Hi Roger, Tatsuzo, Tifaifai, anyone who is interested with in mosquitto cluster,
I've tested the
mosquitto cluster by appropriate amount of simultaneous users, connect/subscribe/publish TPS, which gave a proper pressure(carry as much TPS as possible w/o causing latency) to the system.
It is meaningless to give a plain benchmark w/o any comparison, so I've also tested mosquitto bridge under a same scenario which is quite similar with our smart home service platform architecture and scenario(10 brokers, 20k subscribers, 1k publishes from
10 publishers which use persistent TCP from a http server):
9 brokers on 3 OpenStack VMs(4cores 8G RAM), after 30k persistant subscribers setup, send 10k publishes per second(actually only 2.5kps publishes due to client's bottleneck) from publishers(one publish per client use non-persistant TCP), with payload length
= 744 bytes.
With QoS=0, both cluster and bridge(topic # both 0) can work as normal, with QoS=1(topic # both 1), the CPU usage for each broker
stabilise at at 65%-75% in cluster, but 100% for the bridge broker during the publish phase, and meanwhile 30% messages lost due to bridge broker's overload(see appendix). More detail test reports which include connect/request response time, network
throughput, server monitoring are available under https://github.com/hui6075/mosquitto/tree/develop/benchmark .

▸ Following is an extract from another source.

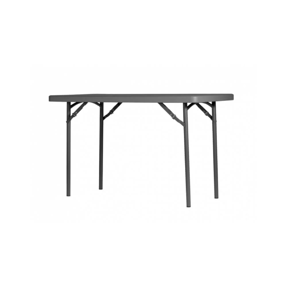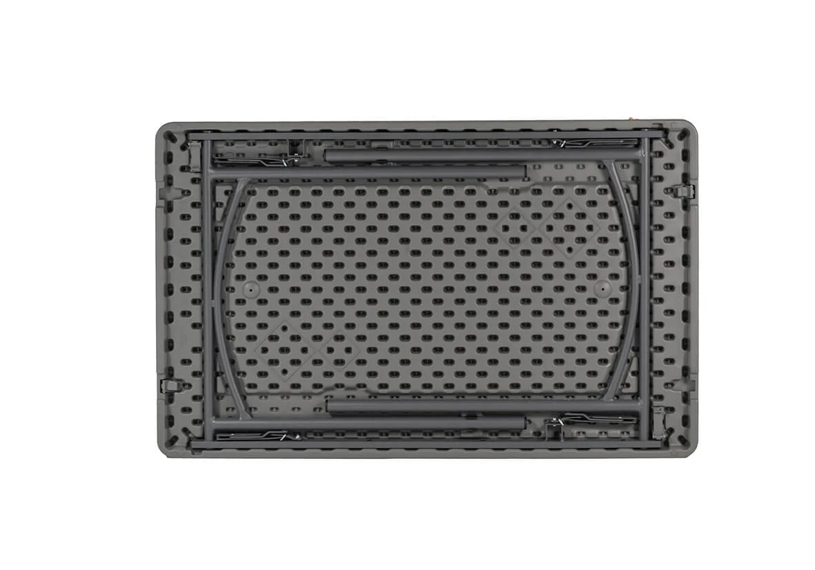 Praktisks un izturīgs salokāms galds, kas piemērots gan lietošanai iekštelpās, gan ārā. Galda virsma ir rūdīta un pulverkrāsota, padarot to ļoti izturīgu un ūdensnecaurlaidīgu. Galda kājas ir nofiksējamas, kas nodrošina galda stabilitāti un izturību pat novietojot priekšmetus vai vēja gadījumā.

I believe that the situation will be worse for bridge under QoS=2, but will not deteriorate for cluster since publish messages forward with it's origin QoS and process with QoS=0 in the cluster. The mosquitto cluster
equalized all brokers' load, and it is different with bridge, it is an entire MQTT logic broker for external clients such as duplicate client id elimination, persistent session inheritable after client's reconnection, and the most important is
that it's a autonomy system which provide continuous service under single point of failure which bridge doesn't have, so I sincerely hope that you can make any comments, code review, make performance testing under your scenario, etc., to make mosquitto cluster
be better.
Thanks!
BRs,
Jianhui
PS. an oProfile report has attached in appendix, which shows that a more efficient timer management should be involved to save the CPU cycles which bring from expiration polling.
Appendix:
bridge cpu usage snapshot(18225 is the bridge):
PID USER PR NI VIRT RES SHR S %CPU %MEM TIME+ COMMAND
18225 mosquitt 20 0 45232 5576 1776 R 100.0 0.1 1:59.91 mosquitto(bridge)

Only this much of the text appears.